DESCRIPTION OF THE TASK
After locating the line with "Футболка из плотного" in the entries below, set down exactly that line and each one after it to the end, skipping pictures.

AVAILABLE RECORDS
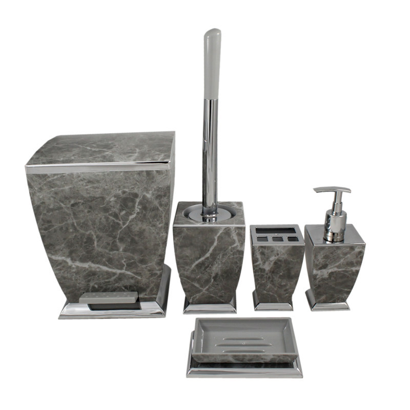 ست سرویس بهداشتی 5 تکه هارمونی مدل روشا طرح سنگ کروم
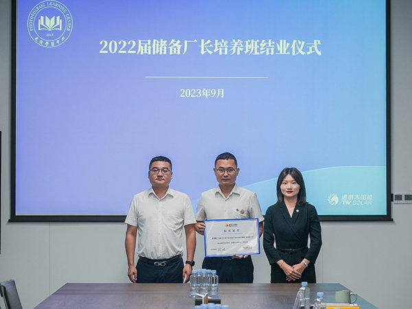 為總結(jié)回顧儲(chǔ)備廠長(zhǎng)培養(yǎng)項(xiàng)目成果,全面展現(xiàn)儲(chǔ)備管理干部的快速成長(zhǎng)成效,9月14日,通威太陽(yáng)能各基地順利開(kāi)展2022屆儲(chǔ)備廠長(zhǎng)培養(yǎng)項(xiàng)目結(jié)業(yè)儀式。通威太陽(yáng)能總經(jīng)理周華、總經(jīng)理助理陳君及各基地負(fù)責(zé)人攜雙流、眉山、金堂、通合四地項(xiàng)目導(dǎo)師及學(xué)員共同出席本次活動(dòng)。
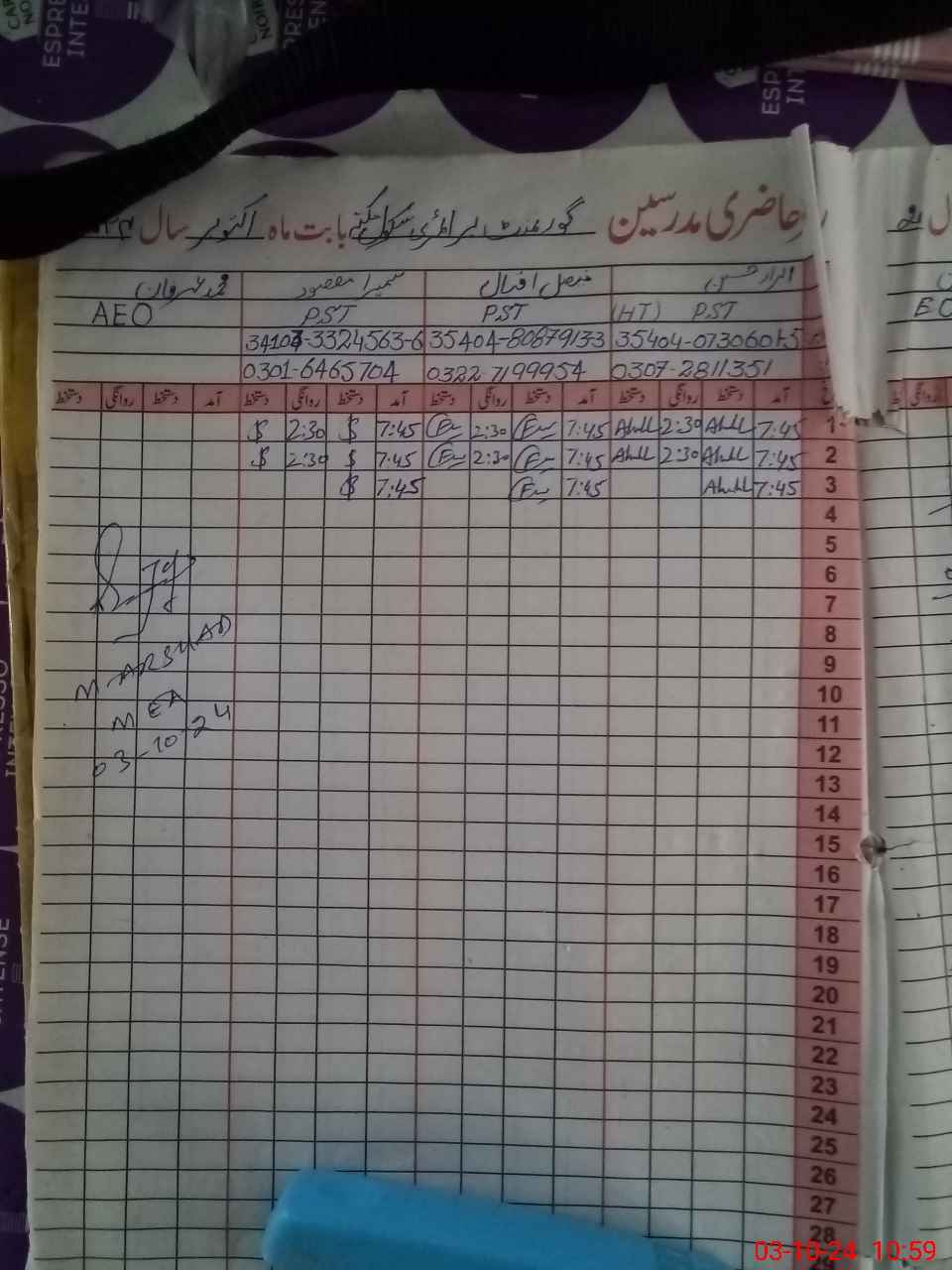 | Name: AB**** HU**** Designation: (School Headmaster's/Headmistress's) PST Phone/Cell Number: 03**** |
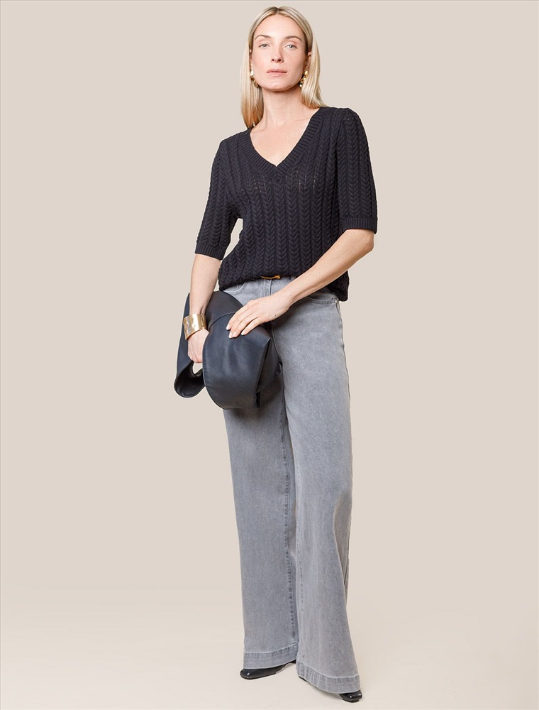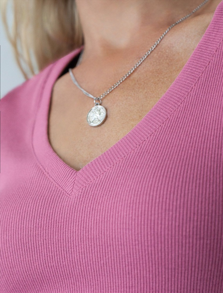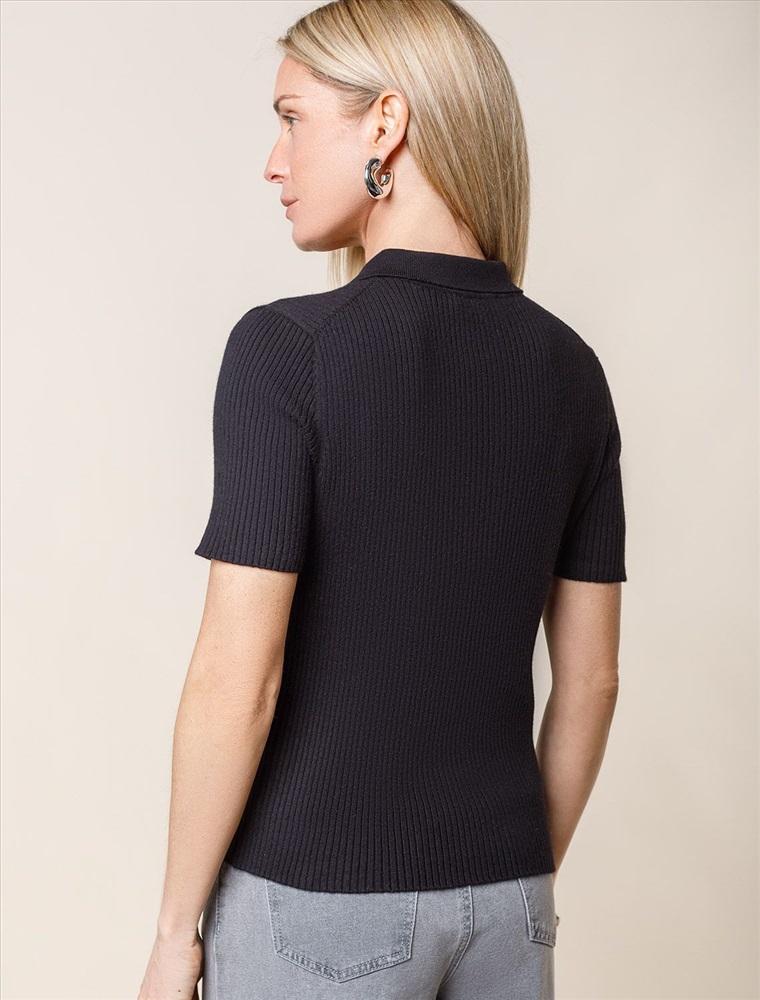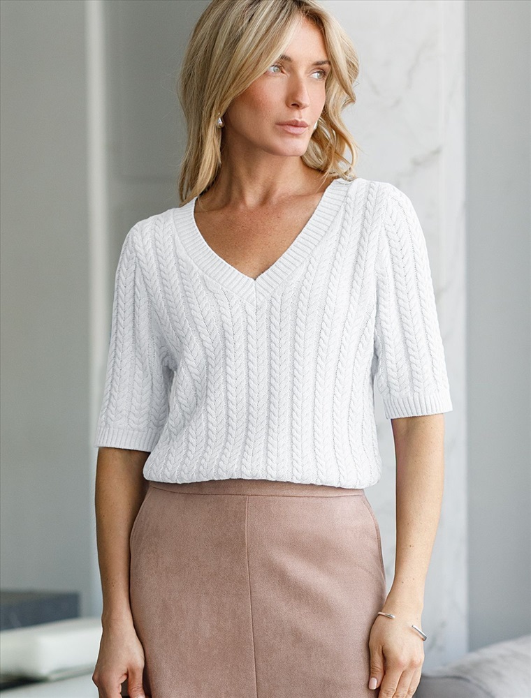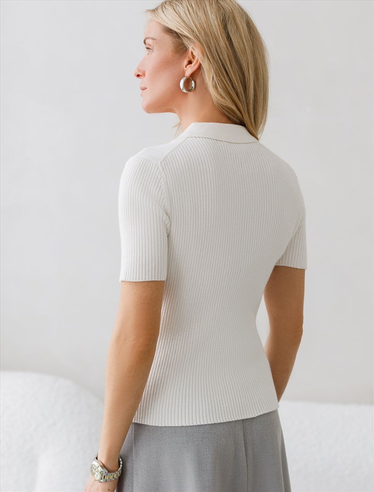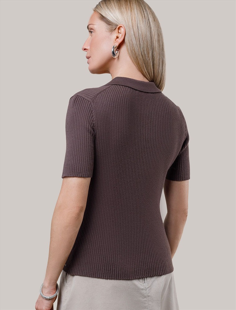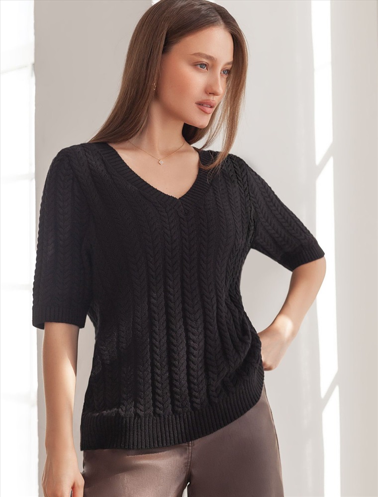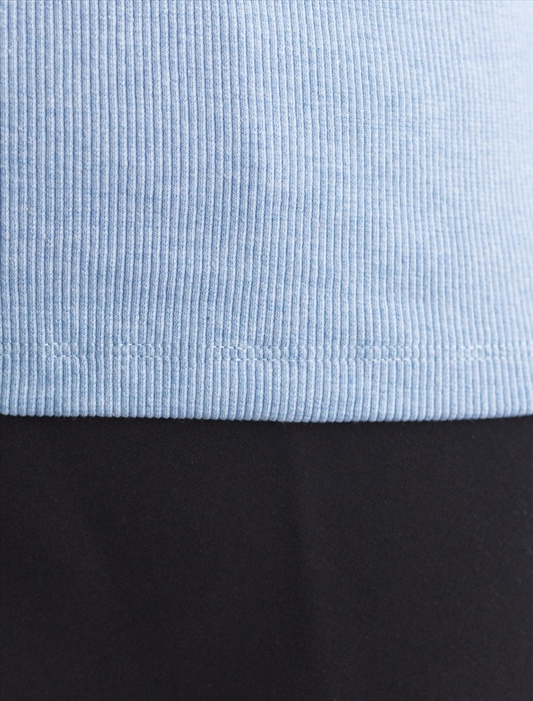 Футболка из плотного трикотажа в рубчик с V-образным вырезом 8 фото
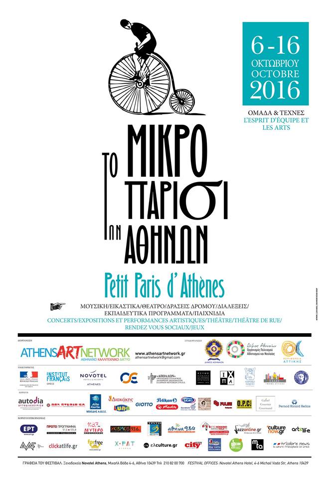 Μουσική, εικαστικές και φωτογραφικές εκθέσεις, street art, θέατρο και βαριετέ, δράσεις και παραστατικές τέχνες δρόμου, διαλέξεις, “tables rondes” και “rendez vous sociaux”, εκπαιδευτικά προγράμματα, petanque και άλλα παιχνίδια, φιλοξενεί το 4ο μικρό Παρίσι των Αθηνών, το πολυ-φεστιβάλ που συνδιοργανώνουν για φέτος το Αθηναϊκό καλλιτεχνικό δίκτυο, ο Οργανισμός πολιτισμού, αθλητισμού και νεολαίας του Δήμου Αθηναίων και η Περιφέρεια Αττικής, με την υποστήριξη της Γαλλικής Πρεσβείας στην Ελλάδα και του Γαλλικού Ινστιτούτου Ελλάδας.
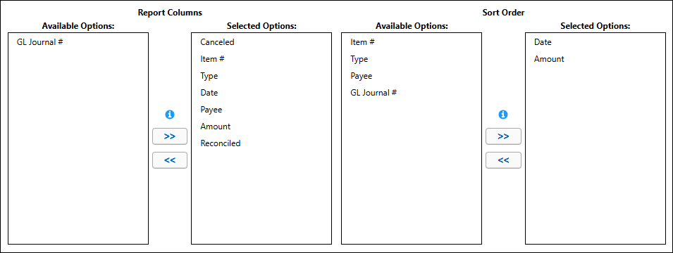 - Report Columns and Sort Order - You can customize what columns display and how you want the report to be sorted by using your mouse to drag options horizontally between Available Options and Selected Options. You can also drag options vertically to re-order the Selected Options columns. We recommend you drag items between the columns rather than using the ">>" and "<<" buttons since those buttons move all items.

YOUR RESPONSE
 Футболка из плотного трикотажа в рубчик с V-образным вырезом 8 фото
 Μουσική, εικαστικές και φωτογραφικές εκθέσεις, street art, θέατρο και βαριετέ, δράσεις και παραστατικές τέχνες δρόμου, διαλέξεις, “tables rondes” και “rendez vous sociaux”, εκπαιδευτικά προγράμματα, petanque και άλλα παιχνίδια, φιλοξενεί το 4ο μικρό Παρίσι των Αθηνών, το πολυ-φεστιβάλ που συνδιοργανώνουν για φέτος το Αθηναϊκό καλλιτεχνικό δίκτυο, ο Οργανισμός πολιτισμού, αθλητισμού και νεολαίας του Δήμου Αθηναίων και η Περιφέρεια Αττικής, με την υποστήριξη της Γαλλικής Πρεσβείας στην Ελλάδα και του Γαλλικού Ινστιτούτου Ελλάδας.
 - Report Columns and Sort Order - You can customize what columns display and how you want the report to be sorted by using your mouse to drag options horizontally between Available Options and Selected Options. You can also drag options vertically to re-order the Selected Options columns. We recommend you drag items between the columns rather than using the ">>" and "<<" buttons since those buttons move all items.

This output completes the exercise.